WHAT IS NEEDED
Copy the listing as it is written, and leave each picture out.

EXERCISE DATA

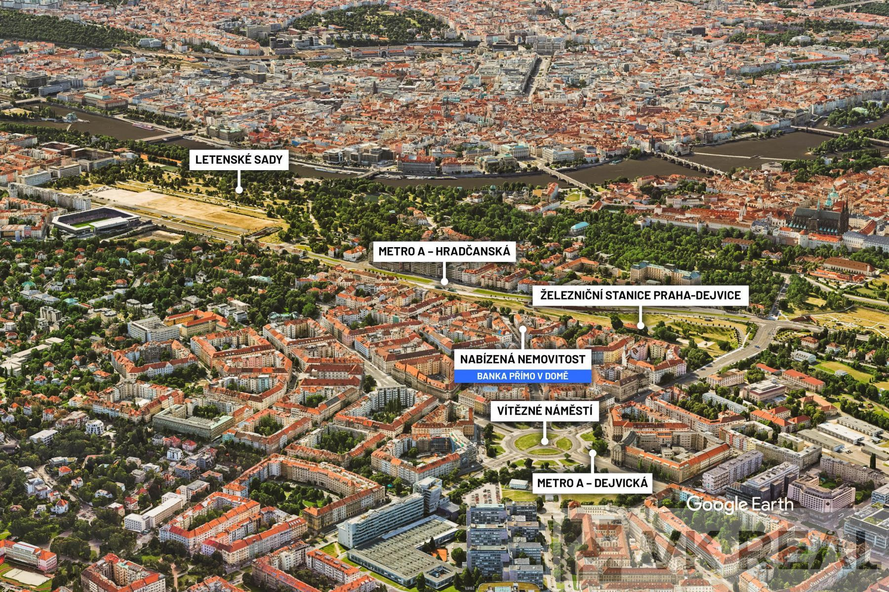 Poloha bytu je výborná v srdci Dejvic, poblíž Vítězného náměstí, s veškerou občanskou vybaveností, obchody, restauracemi a skvělou dopravní dostupností: tramvaje, metro, železnice, tunel Blanka a blízko letiště. V okolí je také park Stromovka a je vidět i na Pražský hrad.
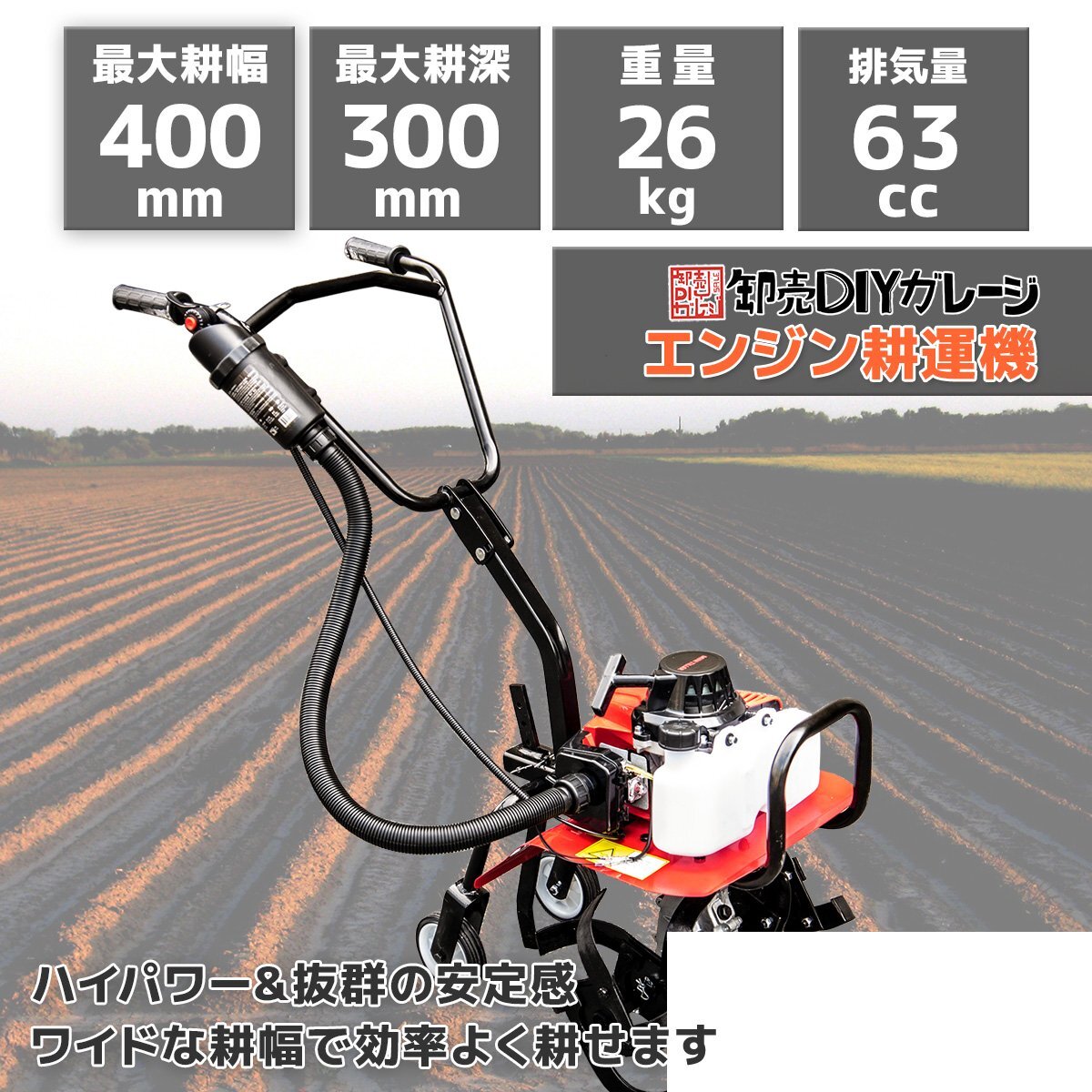- パワーアップハンドル 高調節可能耕幅400mm 家庭用63cc エンジン式 耕運機 耕うん機 耕し機 つちかき機 土かき機 【即納】
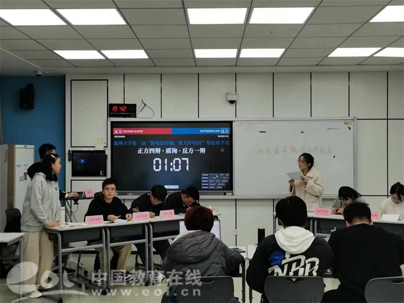 为了增强同学们对辩论的认识,辩论队的“行家”辩手们还特意准备了表演赛。辩论队的正反方,就“反诈宣传应该严肃化还是娱乐化”展开了激烈辩论。双方辩手引经据典,从学生视角对各式各样的防范打击措施慷慨陈词,出其不意地“攻”与“防”给现场同学们留下了深刻的印象。

TASK ANSWER
 Poloha bytu je výborná v srdci Dejvic, poblíž Vítězného náměstí, s veškerou občanskou vybaveností, obchody, restauracemi a skvělou dopravní dostupností: tramvaje, metro, železnice, tunel Blanka a blízko letiště. V okolí je také park Stromovka a je vidět i na Pražský hrad.
- パワーアップハンドル 高調節可能耕幅400mm 家庭用63cc エンジン式 耕運機 耕うん機 耕し機 つちかき機 土かき機 【即納】
 为了增强同学们对辩论的认识,辩论队的“行家”辩手们还特意准备了表演赛。辩论队的正反方,就“反诈宣传应该严肃化还是娱乐化”展开了激烈辩论。双方辩手引经据典,从学生视角对各式各样的防范打击措施慷慨陈词,出其不意地“攻”与“防”给现场同学们留下了深刻的印象。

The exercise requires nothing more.